Informacoes sobre ordens
| Nome do Produto | Numero de Catalogo | UNID | Preco | Qde | FAVORITOS | |
Bcl-xS/L Plasmídeo duplo de Nickase (m) | sc-419309-NIC | 20 µg | $410.00 | |||
Bcl-xS/L Plasmídeo duplo de Nickase (m2) | sc-419309-NIC-2 | 20 µg | $410.00 |
Bcl2l1 codifica as isoformas proteicas Bcl-xS/L, reguladores-chave da família BCL-2 que definem o limiar apoptótico ao controlar a permeabilização da membrana externa mitocondrial e a liberação de citocromo c. A Bcl-xL é predominantemente antiapoptótica e restringe a ativação de caspases dependente de BAX/BAK, enquanto a Bcl-xS pode antagonizar membros da família pró-sobrevivência, inclinando as células em direção à apoptose. Por meio dessas funções, Bcl2l1 integra sinais de sobrevivência a jusante de vias de fatores de crescimento e influencia respostas ao estresse, a homeostase mitocondrial e decisões de destino celular. A expressão desregulada de Bcl2l1 ou o desequilíbrio entre isoformas está associada a alterações na sensibilidade à apoptose e é amplamente estudada em biologia do câncer, neurodegeneração, regulação imune e modelos de lesão tecidual.
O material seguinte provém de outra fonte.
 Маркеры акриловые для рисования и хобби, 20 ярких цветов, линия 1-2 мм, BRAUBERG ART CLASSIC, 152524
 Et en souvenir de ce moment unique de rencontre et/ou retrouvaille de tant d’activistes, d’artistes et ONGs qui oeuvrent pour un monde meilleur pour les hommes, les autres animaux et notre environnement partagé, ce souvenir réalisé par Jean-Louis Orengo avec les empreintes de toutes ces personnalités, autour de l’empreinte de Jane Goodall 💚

Bcl-xS/L O Plasmídeo de Nickase Dupla (m) consiste num par de plasmídeos combinados, concebidos para a edição de alta especificidade do locus Bcl2l1 em linhas celulares mouse. Cada plasmídeo expressa uma nickase Cas9 D10A e um sgRNA distinto que tem como alvo cadeias de ADN opostas dentro de Bcl2l1. Quando direcionadas para locais adjacentes em cadeias de ADN opostas, as duas nickases geram cortes deslocados numa única cadeia que, em conjunto, produzem uma quebra escalonada de cadeia dupla, exigindo uma atividade coordenada no alvo por parte de ambas as guias. A quebra de ADN resultante é resolvida por vias de reparação celular endógenas, mais frequentemente através da junção de extremidades não homólogas (NHEJ), levando a inserções ou deleções que perturbam a função Bcl2l1. Ao exigir o envolvimento de dois sgRNA no locus alvo, a abordagem de dupla nickase aumenta a especificidade da edição e fornece uma estratégia CRISPR complementar para aplicações em que se deseja um controlo adicional sobre a precisão do direcionamento.
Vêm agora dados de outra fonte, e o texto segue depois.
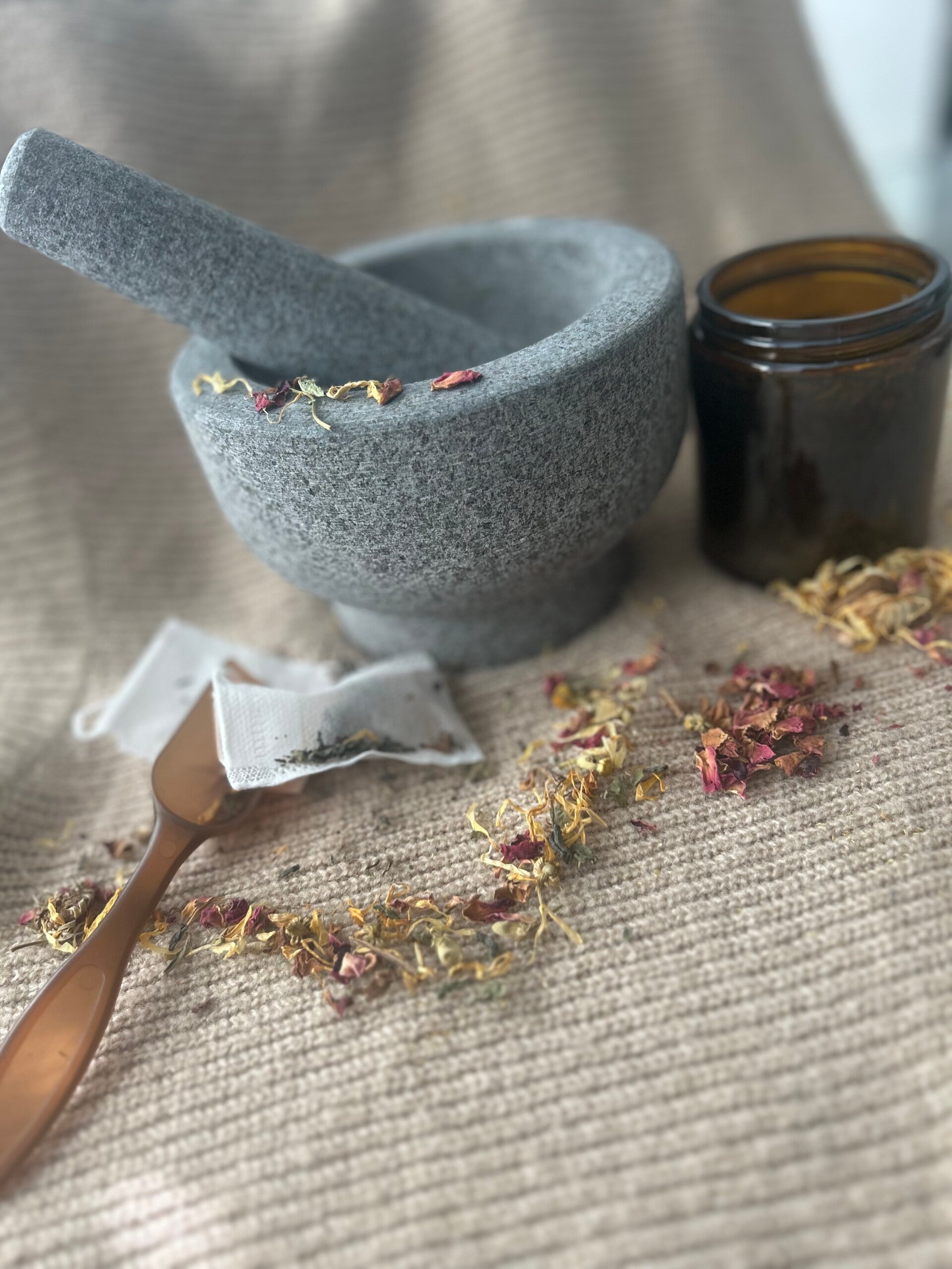 Our blends are handcrafted in small batches with natural and carefully chosen herbs. What makes our blends special is the intention behind them. Each herbal tea blend is created to renew the body and revive the spirit. We don't just create teas; we create natural remedies and rituals that bring peace, healing, and nourishment.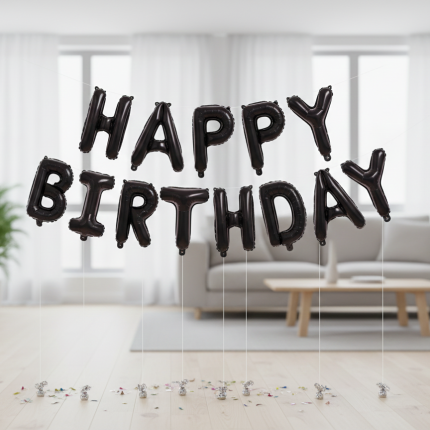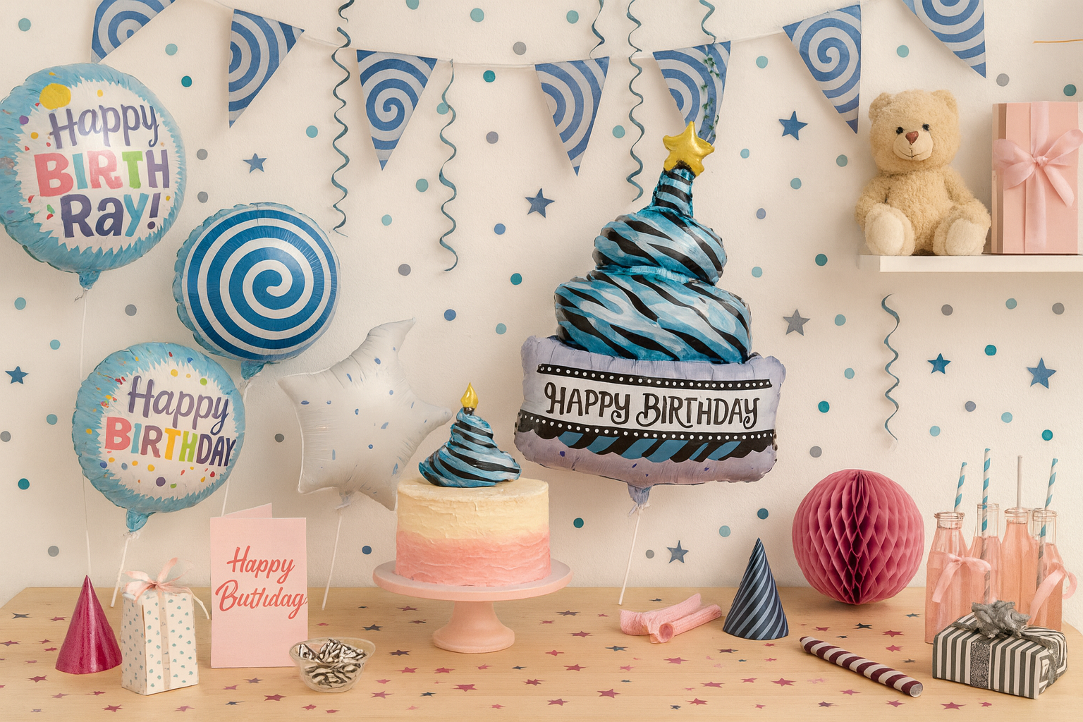 Arrange the Set – Place the large cake-shaped balloon at the center and balance the swirls and “Happy Birthday” balloons on each side.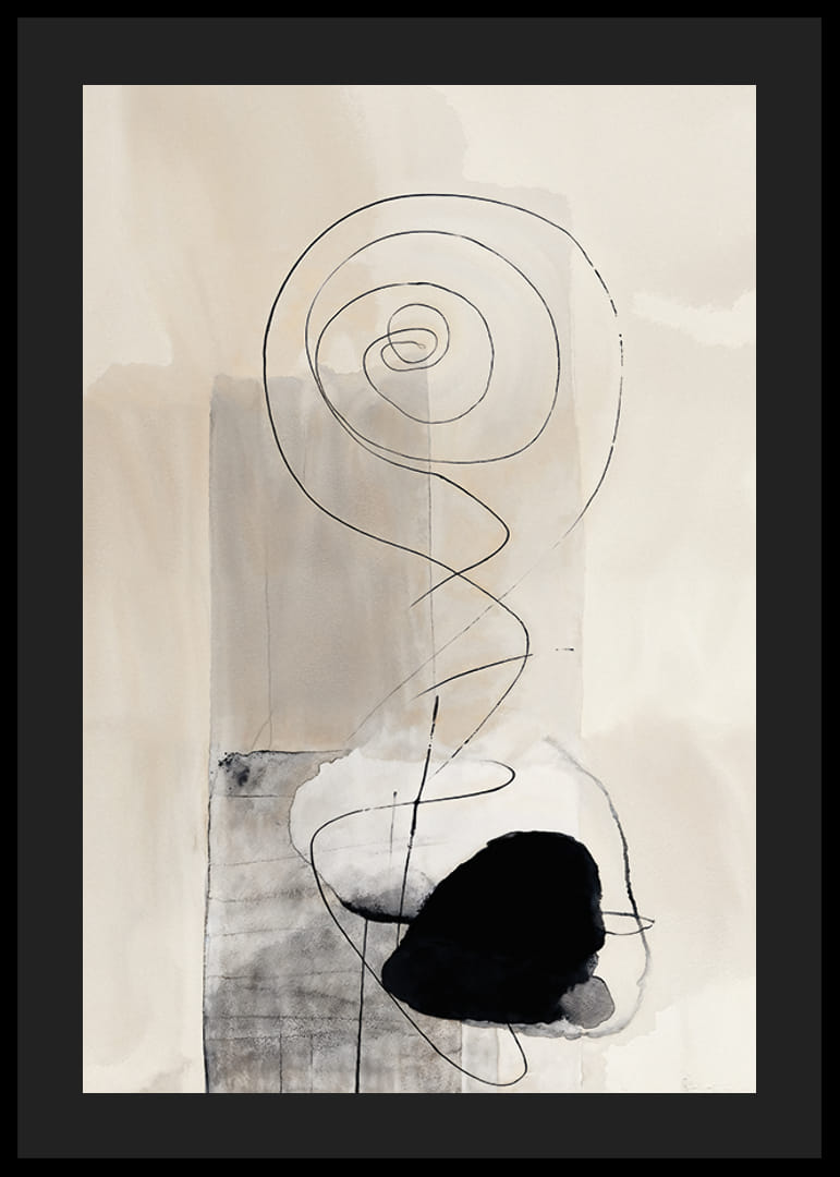 This poster captures a subtle spiral that floats endlessly over a dreamy backdrop of soft, earthy tones. The dance of lines creates a sense of calm and infinity, where abstract shapes merge together.

Para apoiar a identificação eficiente das células editadas, um plasmídeo codifica GFP para visualização fluorescente das populações transfectadas, enquanto o plasmídeo complementar transporta um gene de resistência à puromicina para seleção antibiótica. Em conjunto, estas características apoiam o enriquecimento eficiente das populações co-transfectadas e simplificam a validação dos clones com Bcl2l1 interrompido.
Apenas para uso em investigação. Não se destina a uso diagnóstico ou terapêutico.